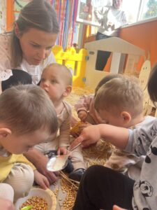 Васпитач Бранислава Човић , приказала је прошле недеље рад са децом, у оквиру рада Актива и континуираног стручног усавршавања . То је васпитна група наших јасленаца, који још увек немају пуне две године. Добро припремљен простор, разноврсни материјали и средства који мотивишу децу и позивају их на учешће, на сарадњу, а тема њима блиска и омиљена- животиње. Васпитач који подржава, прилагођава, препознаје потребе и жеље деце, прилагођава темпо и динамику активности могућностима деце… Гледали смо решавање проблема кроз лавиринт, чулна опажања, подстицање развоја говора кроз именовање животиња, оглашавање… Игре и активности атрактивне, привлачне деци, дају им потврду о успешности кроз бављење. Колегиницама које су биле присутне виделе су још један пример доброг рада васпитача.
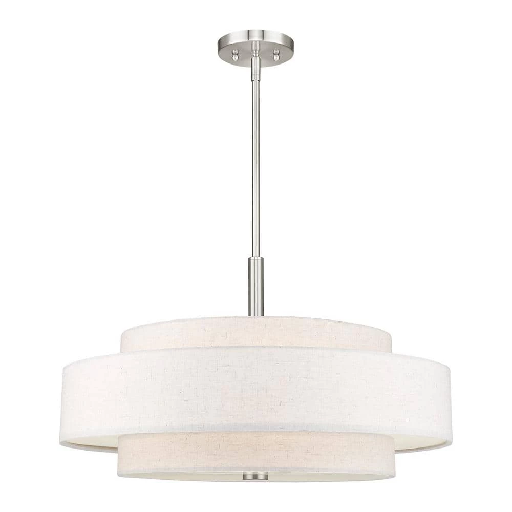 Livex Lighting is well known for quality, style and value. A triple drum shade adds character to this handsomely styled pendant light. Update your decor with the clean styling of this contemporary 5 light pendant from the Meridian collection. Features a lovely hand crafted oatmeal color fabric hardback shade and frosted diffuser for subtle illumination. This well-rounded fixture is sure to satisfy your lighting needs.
* * *
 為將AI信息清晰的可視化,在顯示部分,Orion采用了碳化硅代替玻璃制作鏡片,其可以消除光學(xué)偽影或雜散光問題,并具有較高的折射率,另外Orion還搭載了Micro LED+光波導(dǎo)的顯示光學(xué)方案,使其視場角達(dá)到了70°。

» Task details
In the entries above, find the line containing "Васпитач Бранислава Човић" and the line containing "Livex Lighting is", then copy both and every line between them exactly, without any picture.

» Output for this task
 Васпитач Бранислава Човић , приказала је прошле недеље рад са децом, у оквиру рада Актива и континуираног стручног усавршавања . То је васпитна група наших јасленаца, који још увек немају пуне две године. Добро припремљен простор, разноврсни материјали и средства који мотивишу децу и позивају их на учешће, на сарадњу, а тема њима блиска и омиљена- животиње. Васпитач који подржава, прилагођава, препознаје потребе и жеље деце, прилагођава темпо и динамику активности могућностима деце… Гледали смо решавање проблема кроз лавиринт, чулна опажања, подстицање развоја говора кроз именовање животиња, оглашавање… Игре и активности атрактивне, привлачне деци, дају им потврду о успешности кроз бављење. Колегиницама које су биле присутне виделе су још један пример доброг рада васпитача.
 Livex Lighting is well known for quality, style and value. A triple drum shade adds character to this handsomely styled pendant light. Update your decor with the clean styling of this contemporary 5 light pendant from the Meridian collection. Features a lovely hand crafted oatmeal color fabric hardback shade and frosted diffuser for subtle illumination. This well-rounded fixture is sure to satisfy your lighting needs.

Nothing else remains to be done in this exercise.